The Prime Minister said that all the great Departments of State had been the subject of debate. I suppose it is because of the peaceful condition of Ireland that the right hon. Gentleman no longer treats that country as in any sense a great Department of the State. While I do not object to the course the Government propose to take, I must, I think, make one reservation, that the days which have been retrenched are, to a large extent, days which would have been devoted to Irish discussion. I do not, at this time, ask for those days, nor do I desire to obtrude any needless controversy upon the attention of the House, but there are some matters connected with Ireland, even during this War, that in my opinion need discussion. One of them is, the intimation that the Government no longer intend to have a revision session for the registration of voters. If there is to be an Act abolishing revision for the present year, there will be no necessity for a discussion on that point, but I am bound to make this declaration, that we have need of some protection against partisan appointments, especially since this Coalition Government was formed.

We all remember the controversy connected with the removal, or the proposed removal, of the Lord Chancellor of Ireland. We all know the action which was taken by a particular party in sustaining him in office. I make no criticism' whatever of the action of the Government in that matter, but it does put those who-have taken an independent position under the necessity of making a demand that the partisan appointment of revising barristers in Ireland should cease. I say that partisan appointments have been made in the past, and that some of them have been scandalous appointments. In England, as I understand, there is a kind of truce in the appointment of magistrates. What is the position with regard to the appointment of magistrates in Ireland? Are they to be made on partisan lines? Are particular districts to be boycotted, and are unworthy persons to be entrusted with judicial office? These are matters that require attention, and I do say, while not claiming any time at this moment under the rules of Supply, that if hereafter a desire should be expressed for attention to Irish matters, the Government should give a guarantee that that time will be given. There is one other observation.

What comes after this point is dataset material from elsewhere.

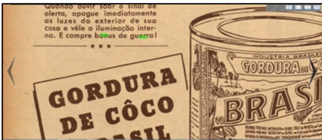
Figura 2: Propaganda da Gordura de Côco Brasil.

It is a very remarkable fact in time of war that, for the first time for over half a century, neither the Lord Lieutenant, nor the Chief Secretary, nor his Under-Secretary for Ireland, who is a permanent official, is an Irishman, and I can only say—and I say it solemnly on my responsibility—that any pro-Germanism which now exists in Ireland has been fomented by the folly of those who put the present Irish Under-Secretary into his position.


As I understand, the Prime Minister proposes that the House shall give up two days, and I think three potential days, because I believe it is in the power of the Government, if the House desires it, to extend the number of days that are provided. I also understand that two days will still remain, one to be devoted to the Colonial Office and the other to the Foreign Office.


I should be glad if that is the wish of the House. I understood it was the desire to discuss the Colonial Vote, but I was not aware there was a desire to discuss the Foreign Office Vote.


I understand the extra day has not been given to any particular subject. It is rather difficult for private Members now to convey their views as to the Votes they would desire to discuss. However, I have no doubt there will be an opportunity for discussion of any particular Vote if there is any large body of opinion in favour of it. I think I can say there is no private Member of this House who has on more frequent occasions than I have protested against Motions of this kind; but I recognise these are not ordinary but extraordinary times, and, so far as I am concerned, I do not propose to offer any objection to the Motion. At the same time, I think the Prime Minister fully wishes the House to understand this is not to be taken as a precedent, and will not be referred to in future as a reason for any Government interfering with the Motion regarding Supply. Because the House on previous occasions may not have utilised all the time set apart for Supply, that must not be taken as an indication that the House does not highly value the privileges we have under that Motion. I know the right hon. Gentleman does not mean that. There are some occasions on which Supply goes through in a much more rapid manner because of circumstances, apart altogether from the mere merits of the Vote.

I understand we are to have a Vote of Credit. The right hon. Gentleman has not yet said how much it is for, but no doubt we shall know in the course of time. As I understand from the right hon. Gentleman, we are going to have rather a long Adjournment. I do not know whether the Prime Minister is in a position to-day to give any indication as to the length of that Adjournment, but I would only say with regard to the proposal of the Government—indeed, with regard to all proposals as to business—so far as I am concerned I have not said, nor will I say, anything to oppose them in carrying out their work. What I have contended, and continue to contend, is that there should be more vigorous prosecution and more action, and, so far as this Motion is concerned, it will certainly not have my opposition.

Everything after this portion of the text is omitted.